Stalemate; deadlock; impasse – or as Jeremy Corbyn put it at PMQs on Wednesday, complete disarray. The narrative about Theresa May’s approach to Brexit and the customs union has barely changed for weeks.
Yet quietly, officials were congratulating themselves on Thursday about making incremental progress on a closely interlinked issue – the Irish border.
After media reports overnight, Theresa May issued a carefully worded statement as she arrived in Sofia, Bulgaria, on Friday, repeating the familiar statement that Britain will be “leaving the customs union”.
But Whitehall sources confirmed that away from the deadlocked Brexit war cabinet – her strategy and negotiations subcommittee – a fresh proposal has been agreed that Britain hopes would avoid a hard border in Northern Ireland, if all else fails.
This “backstop” was written into the December agreement between London and Brussels, at the request of Ireland. It commits Britain to “maintain full alignment with those rules of the internal market and the customs union which, now or in the future, support North-South cooperation, the all-island economy and the protection of the 1998 Agreement.”
What that will mean in practice needs to be spelled out in detail.
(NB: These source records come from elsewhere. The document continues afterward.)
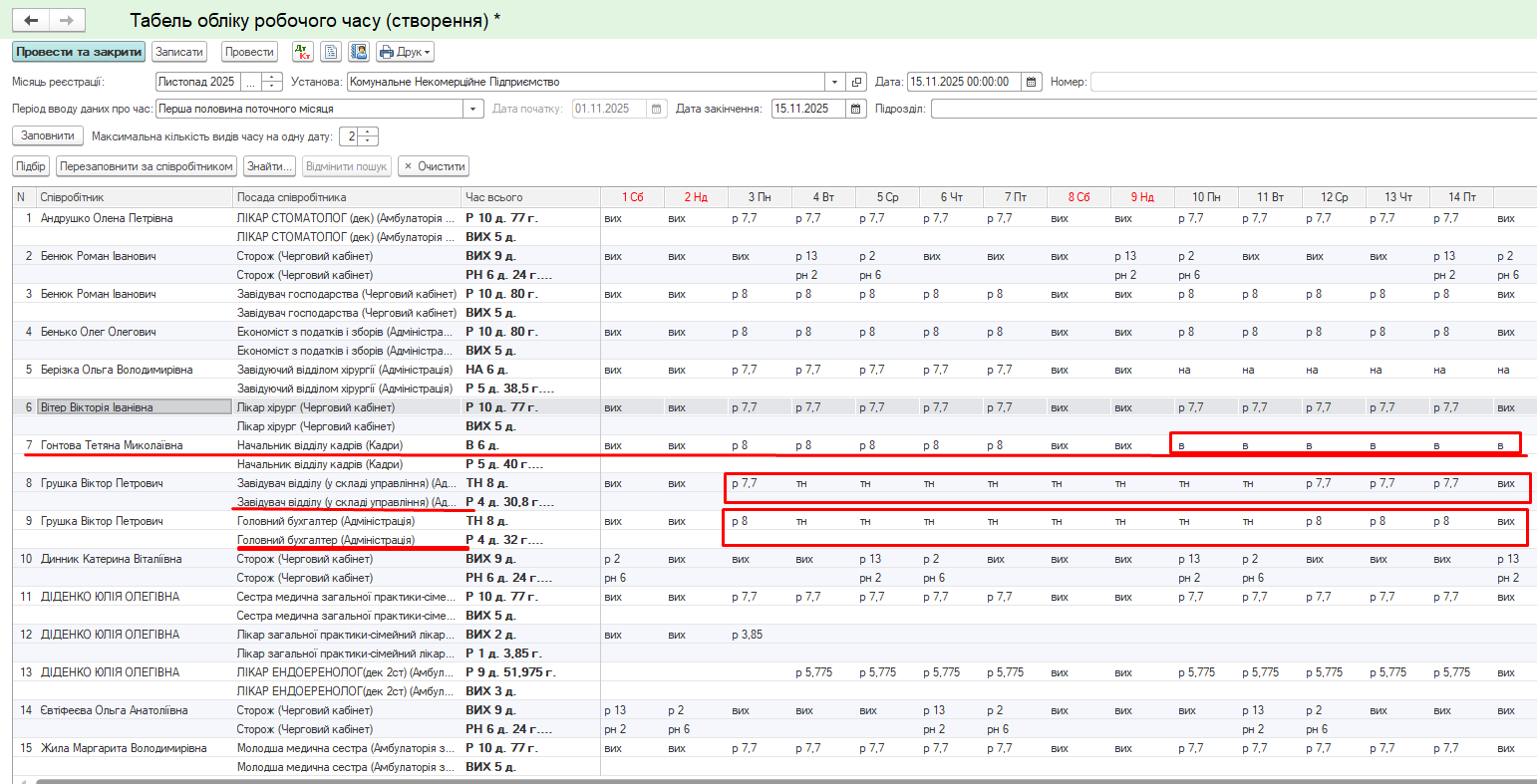 Для КНП ЗОЗ с большим количеством персонала ведение полного табеля дважды в месяц создает значительную нагрузку на кадровиков. Поэтому фактически может применяться Формальный табель (промежуточный) — составляется за период с 1-го по 15-е число. Он может не содержать всех мелких деталей (например, сверхурочных), но обязательно должен фиксировать факт присутствия работника на работе.
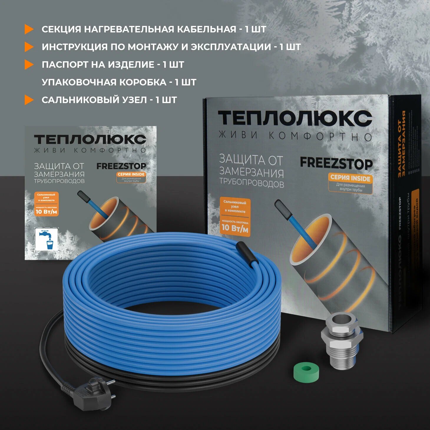 Комплект греющего кабеля в трубу FreezStop inside с сальником 10 вт/м 2 метра
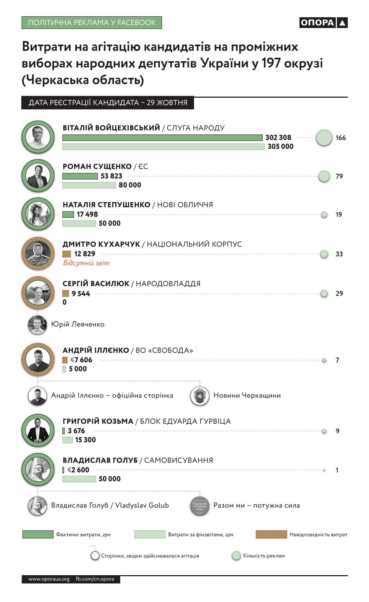 Після порівняння фінансових звітів кандидатів, що були учасниками весняних довиборів у Верховну Раду, за фактами, наданими ОПОРОЮ. уже були відкриті кримінальні провадження щодо подання завідомо неправдивих відомостей у фінансових звітах кандидатів на 87 та 50 виборчих округах. І це за умов, що наразі громадськість може простежити лише “Facebook-витрати”, хоча способів агітувати в інтернеті значно більше. Під час підготовки цього матеріалу ОПОРА враховувала витрати з особистих сторінок кандидатів, партійних сторінок та сторінок третіх осіб з дня реєстрації кандидатів до останнього дня агітації.
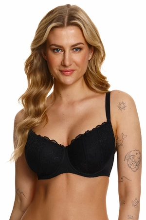 Biustonosz marki Lupo. Model 152. Posiada druty, które podpierają piersi odpowiednio je kształtując. Fiszbiny pionowe osadzone na bokach. Produkt posiada regulowane ramiączka bez możliwości ich odpięcia. Haczyki do ramiączek metalowe. Biustonosz zapinany na haftki. Miejsce zapięcia: tył. Produkt został wykonany z 70% poliamid, 20% elastan, 10% bawełna. Produkt damski.
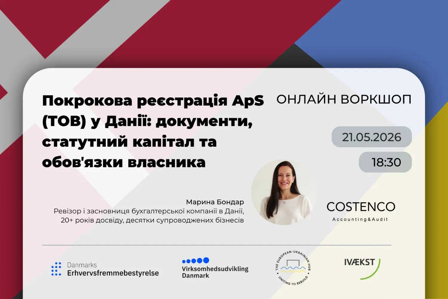Спікерка: Марина Бондар — ревізор з понад 20-річним досвідом у фінансах та бухгалтерії, з яких останні 10 років працює в Данії. Засновниця COSTENCO ApS — данської бухгалтерської компанії, що спеціалізується на супроводі малого та середнього бізнесу. Супроводжувала десятки підприємців при відкритті та закритті компаній, має практичний досвід проходження податкових і аудиторських перевірок.
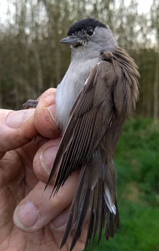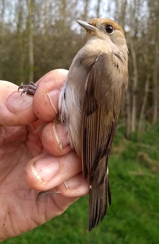 I was hoping that we would have a few more Chiffchaff than we had last time and that we might be lucky enough to catch an early Blackcap. The only Blackcap we had caught previously in March at Lower Moor Farm was on the 23rd March 2019. The earliest date for catching a female Blackcap was on the 5th April in both 2017 and 2018. In fact, I haven’t ever caught a female Blackcap at any of my sites in March. So I was delighted to have a male Blackcap in the nets in my second round of the morning. Over the rest of the morning I caught another 4 males and the last one I took out of the net was a female:
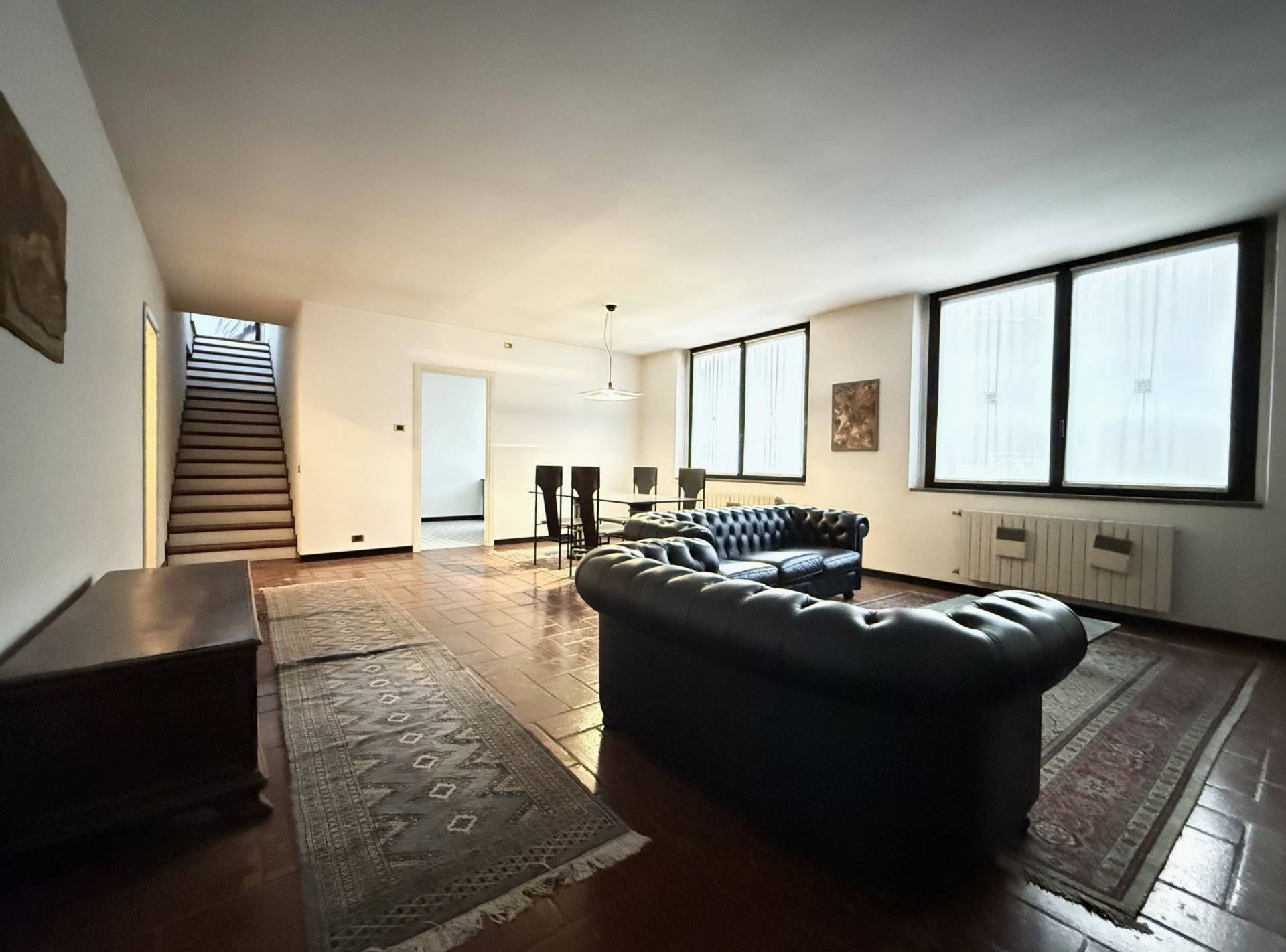 Appartamento di grande metratura composto da salone con cucina abitabile, disimpegno notte che accede alla camera da letto matrimoniale e bagno; tramite comoda scala accediamo al piano superiore con la seconda camera da letto, secondo bagno, solaio e grande terrazzo.
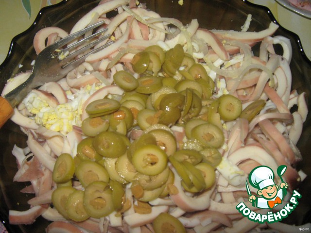 Оливки нарезать кольцами. Все ингредиенты смешать с майонезом.

The EU has published its own definition, which would involve Britain remaining in the single market and customs union – but May told parliament “no prime minister could ever agree” to that.
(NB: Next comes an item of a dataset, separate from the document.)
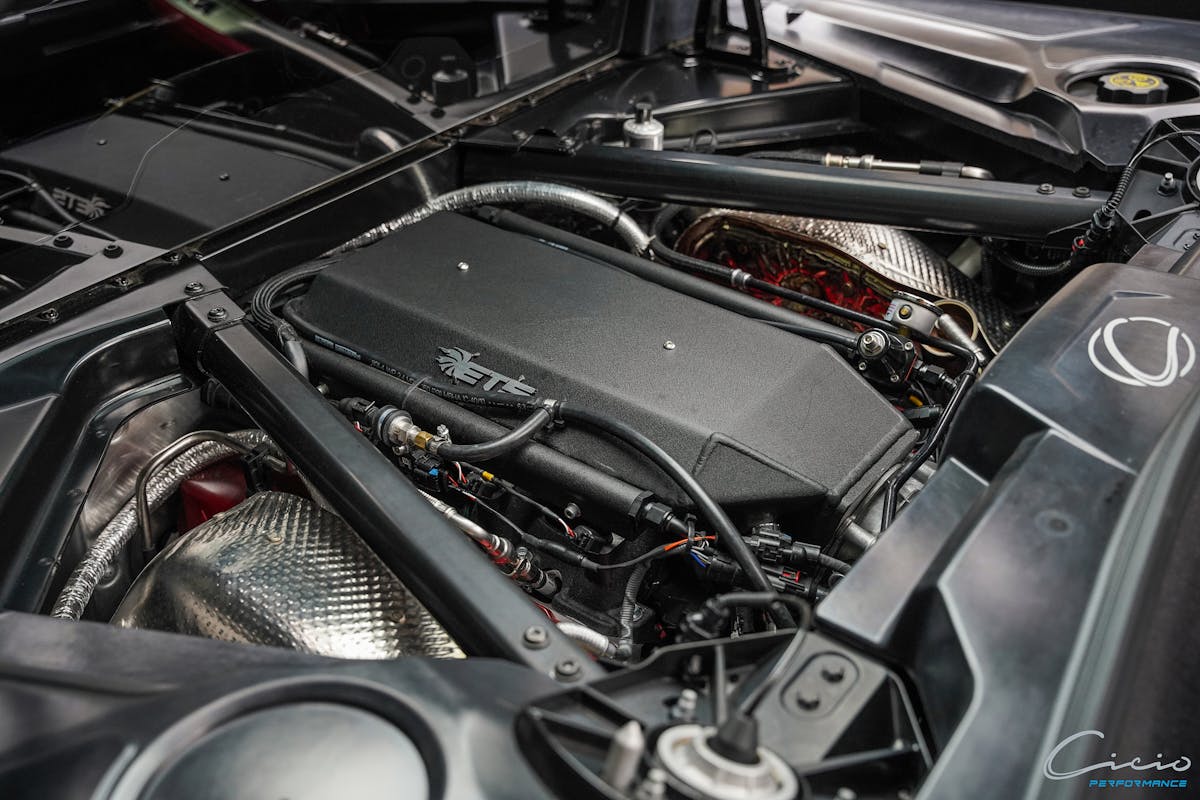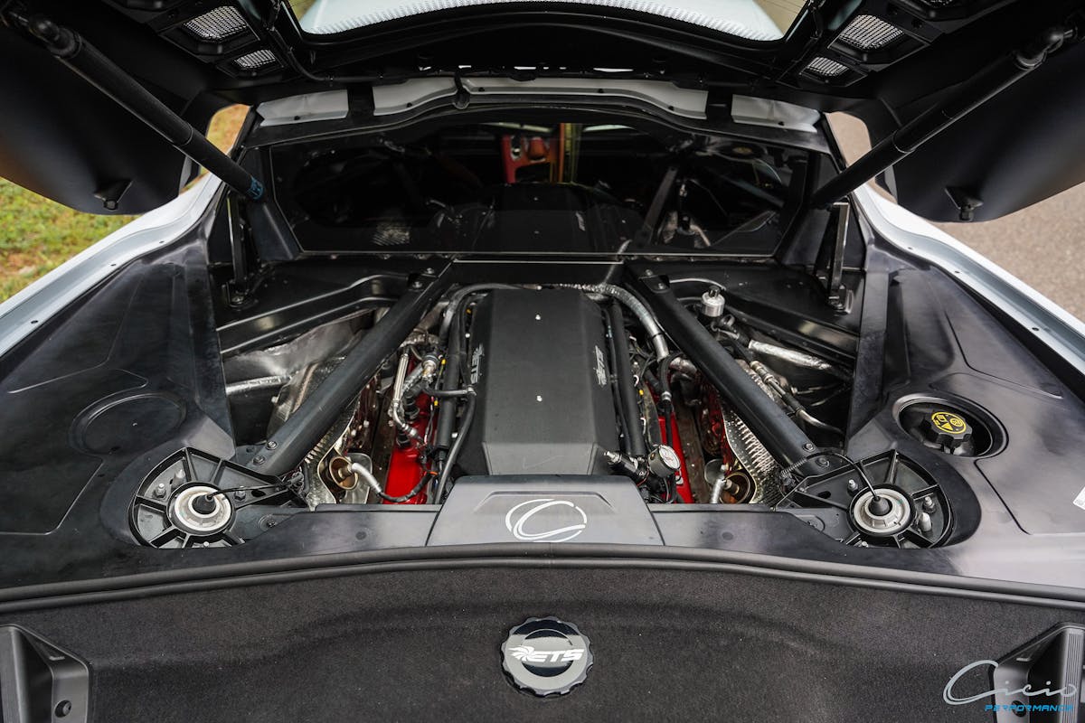 The factory LT2 intake manifold was removed and replaced with an ETS intake, adding eight additional 1,700cc injectors to the top side of the engine. The MoTec ECU, tuned by Taylor Leier of Cico Performance, controls the secondary units while the factory ECU handles the direct injection. Other additions include a fuel cell in the “frunk” for additional fueling with E85, Aeromotive regulators, and an ETS air-to-water intercooler.

May and her chief negotiator, Olly Robbins, have won the backing of key ministers for a British counter-proposal.
If the backstop had to be enacted, Britain would agree to maintain the common external tariff – the import tax levied on goods coming into the EU, which is hated by the Brexiters – and align its regulations with Europe’s.
But Britain would seek to opt out of the common commercial policy, which prevents member countries from negotiating independent trade deals.
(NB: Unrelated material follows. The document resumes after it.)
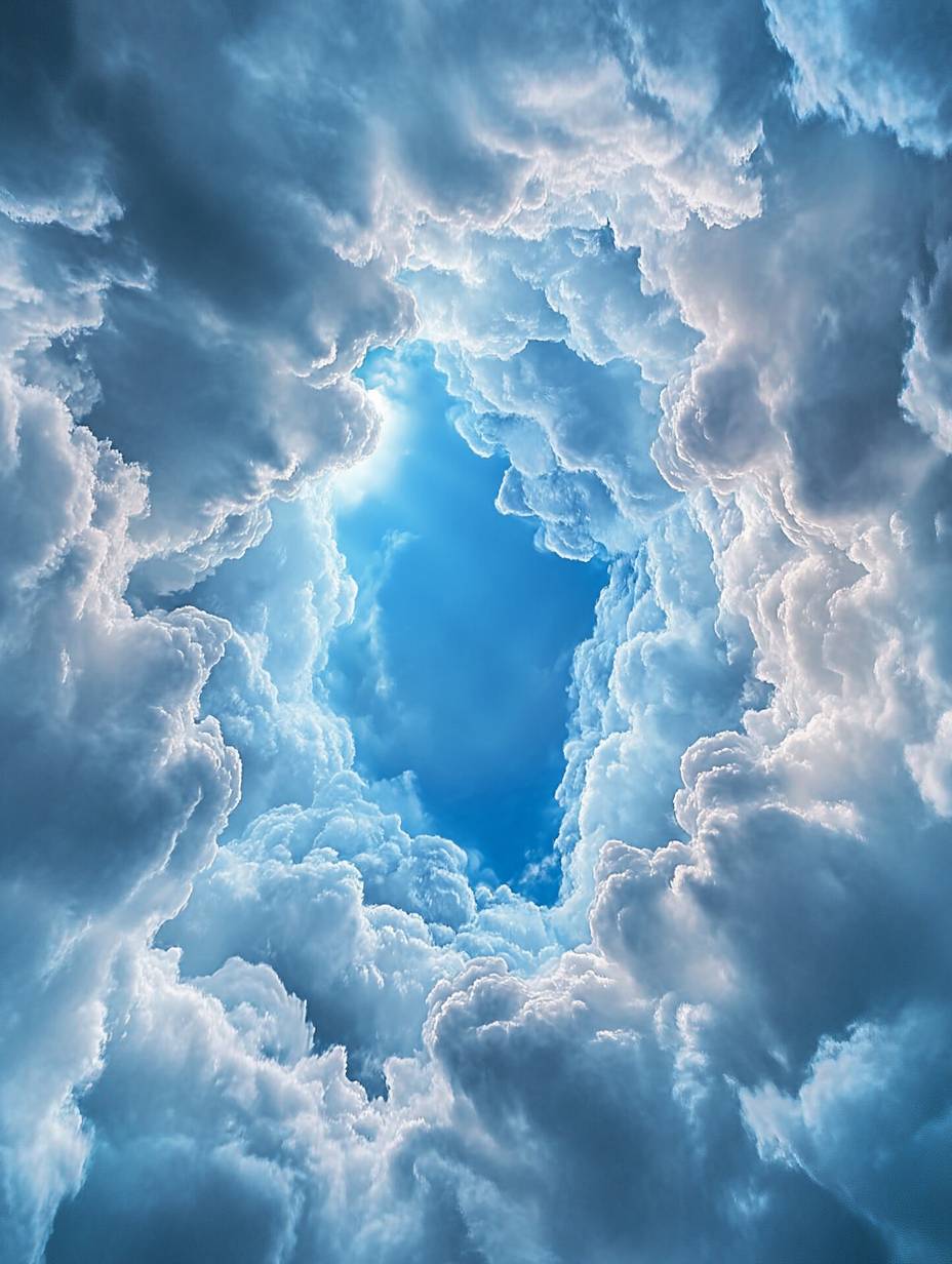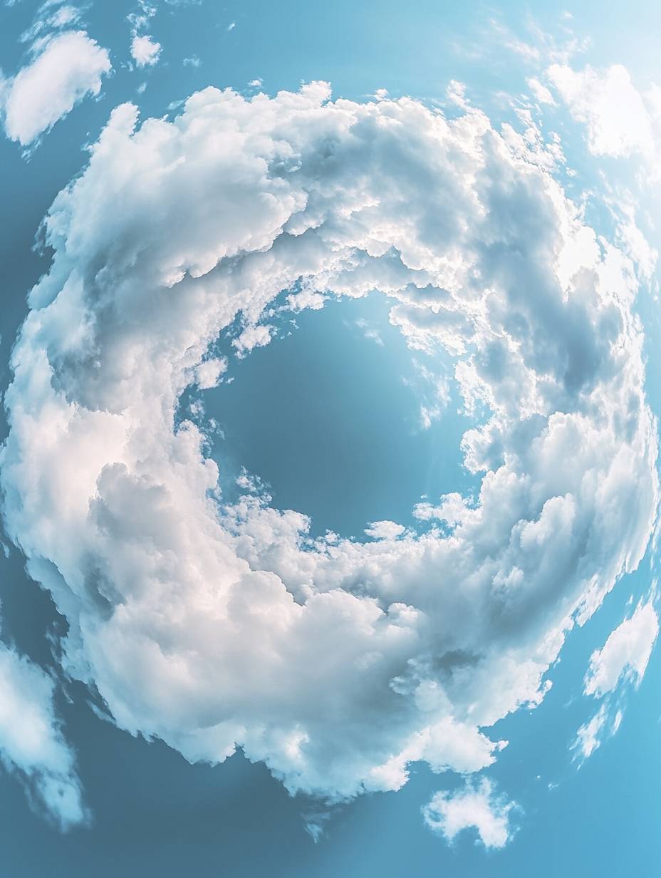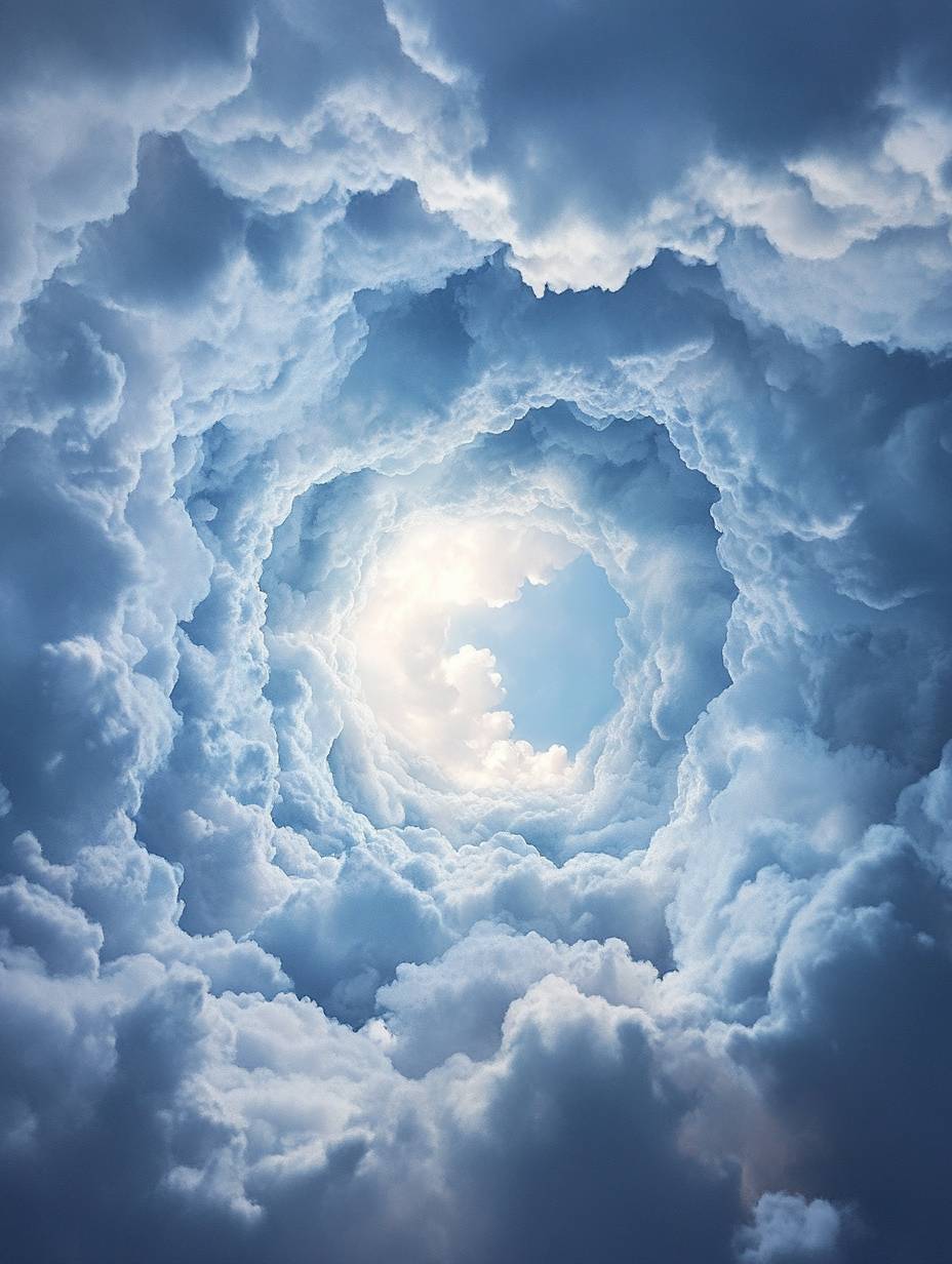 Dynamic rotation Rotating clouds surround the internal perspective of the cloud A perspective shot was taken from above to highlight the details. it features high-definition photography and a wide-angle lens. UsingC4D software for rendering Looking up --ar 3:4 --v 6.1

The trade minister, Liam Fox, has been touring the world to play up the benefits of “global Britain” – though presumably these agreements would only kick in once Britain has stopped applying the external tariff, as Fox will have little to offer before then.
The government hopes this approach will meet the definition of the backstop set out in the December agreement – and that it could help win over Dublin, which would put pressure on Brussels to accept it.
Of course, none of this changes the fact that there are two conflicting visions of Britain’s post-Brexit customs arrangements within May’s inner cabinet.
HMRC officials have warned that even once a decision is made, neither of these options will be ready for the end of the transition in December 2020.
In that case, some in Whitehall believe the backstop, which was only included in the December deal as a last resort, could end up being a stopgap while the details are worked out – or in the case of the Brexiters’ preferred max-fac option, technology is developed.
It is unclear whether Brussels will be prepared to accept this half-in, half-out approach to the customs union – but it at least helps Downing Street to rebut claims that the government is paralysed in the face of Brexit.
To that end, David Davis’s DexEU has also announced that will publish a 100-page white paper in in coming weeks, setting out what the government hopes to get out of the negotiations.
If May really wants to get on the front foot before parliament breaks up for the Whitsun recess, there is one more gamble she could take.
On Thursday, while announcing the Commons business for the week ahead , the leader of the Commons, Andrea Leadsom, set aside time for considering Lords amendments on Tuesday and Wednesday, “if necessary”.